Лена снова заплакала, и тут до Владимира дошло. Он ведь свою голову дать отказался. И незнакомка решила взять другую, его малолетнего племянника…

– Это я виноват! – сказал он твердо.

– Не говори глупости!

– Знаю, что похоже на бред, но это так! Ведь, кроме нашего мира, есть и другие миры – параллельные, астральные… Иногда они пересекаются.

– Господи! – сказала Лена, растирая слезы по щекам. – Вова, эти попойки с Колькой тебя до психушки доведут!

Ну как ей объяснить, чтобы поняла? Тем паче, что и самому не совсем ясно…

Владимир постоял еще немного, повернулся и вышел из дома, в котором все – даже сам воздух – было пропитано нищетой, безнадегой, горем…

* * *

– Я знал, что ты вернешься, – сказал батюшка. – Только не ждал так скоро…

– Может, выйдем? – предложил Владимир.

Батюшка молча зашагал к выходу из церкви. Остановился у крыльца.

– Как церковь относится к магии? – спросил Владимир, глядя снизу вверх. Батюшка был на голову выше. Нависал, как старый, кряжистый дуб.

– Грех.

– Почему?

– От лукавого. А почему тебя это интересует?

– На человека можно навести проклятие? Такое, что жизнь пойдет наперекосяк?

– Ах вот ты о чем…

– Реально ли снять проклятие?

– На свете нет ничего невозможного. Стоит только захотеть. Очень сильно захотеть… А начать следует с себя. Очиститься. Стать ближе к Богу. Не забывать его… Ты, кстати, еще не надумал креститься?

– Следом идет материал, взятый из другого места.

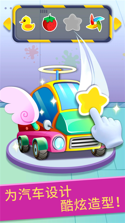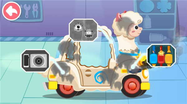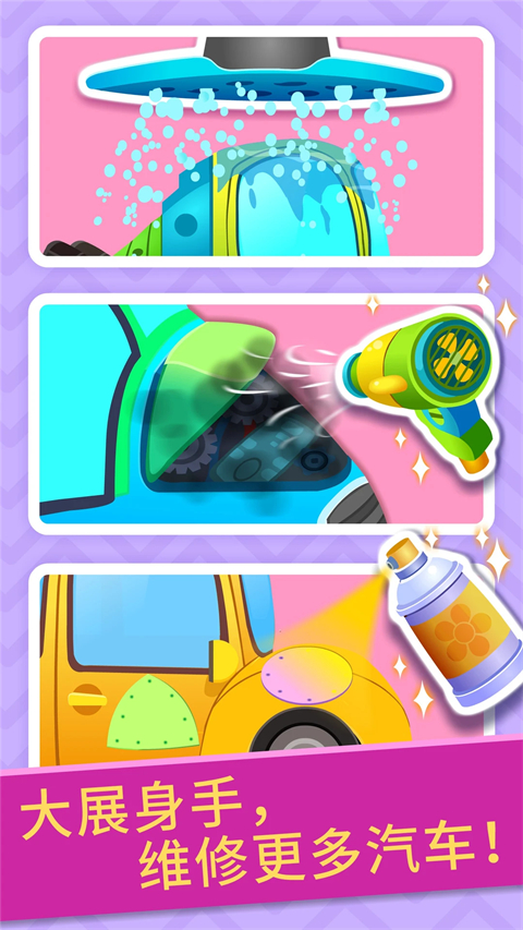 1、扫描汽车故障 修车店新增扫描项目,宝宝快来试试吧!先移动扫描仪,扫描火箭车。看!火箭车的问题是爆胎和引擎故障。又有一辆汽车来维修啦,宝宝快拿起扫描仪,给汽车做个全面扫描。 2、动手修理汽车 扫描完汽车故障,开始维修!打开汽车引擎盖,连接好相同颜色电线,添加机油、玻璃水等,在修理中进一步了解汽车内部构造。天使车爆胎了,该怎么修理呢?宝宝来大展身手吧。 3、做好清洁工作 打开高压水管,瞄准污渍,发射强力水柱,耶!污渍被冲走了,接着移动花洒,冲洗干净车身。擦亮车窗,清理空调灰尘,车内、车外都要清洁,汽车变得亮闪闪! 4、提升汽车时尚感 为汽车设计造型吧!先装饰内部:金色铃铛挂坠、七彩坐垫,创意饰品,把车内装扮得美美哒!接着设计车身,挑选恐龙、火箭造型的贴纸,粘贴在车身,瞬间提升汽车时尚感。宝宝修车店游戏新手指南
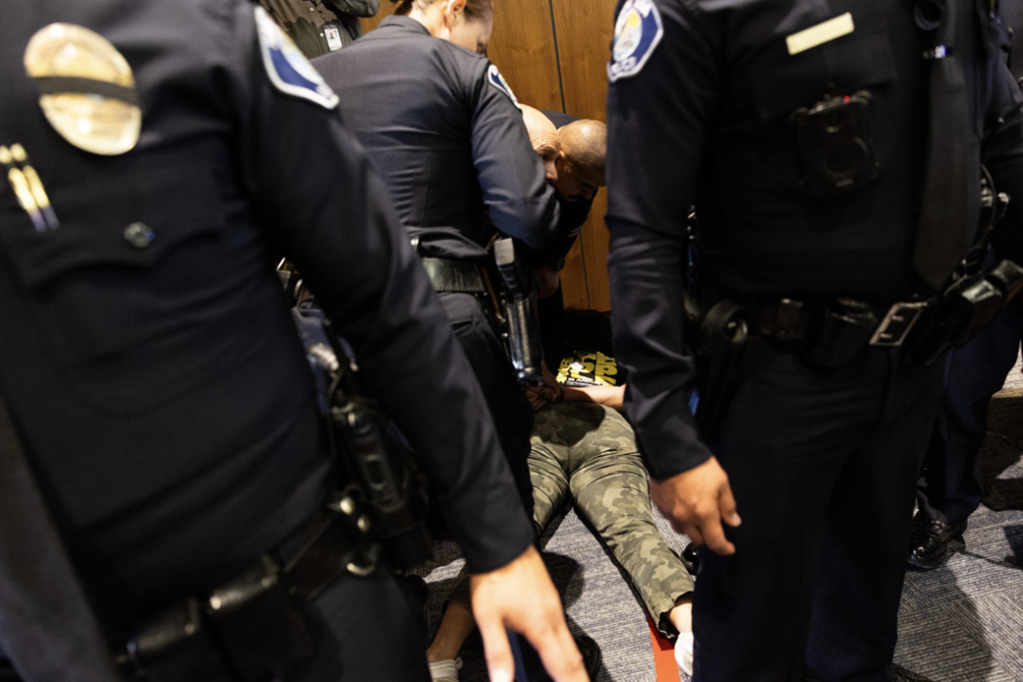 Screenshot 2025-06-18 at 1.39.09 PM A woman is handcuffed at the June 17 Santa Ana City Council meeting by a group of police officers

– Я не совсем понимаю… – промямлил Владимир. – Ну, механизм, что ли, проклятия… Почему оно работает?

– Человек – очень внушаемое и податливое существо. Вне зависимости от возраста, пола, образования, принадлежности к той или иной религиозной конфессии. Существуют методы воздействия на подсознание через органы чувств – слух, зрение, обоняние. Так, можно внушить человеку веру в собственную неполноценность и ущербность. И вскоре его жизнь пойдет наперекосяк. Можно нанести удар по иммунитету в целом и отдельным органам в частности. Человек начнет болеть. В наиболее тяжелых случаях даже умрет…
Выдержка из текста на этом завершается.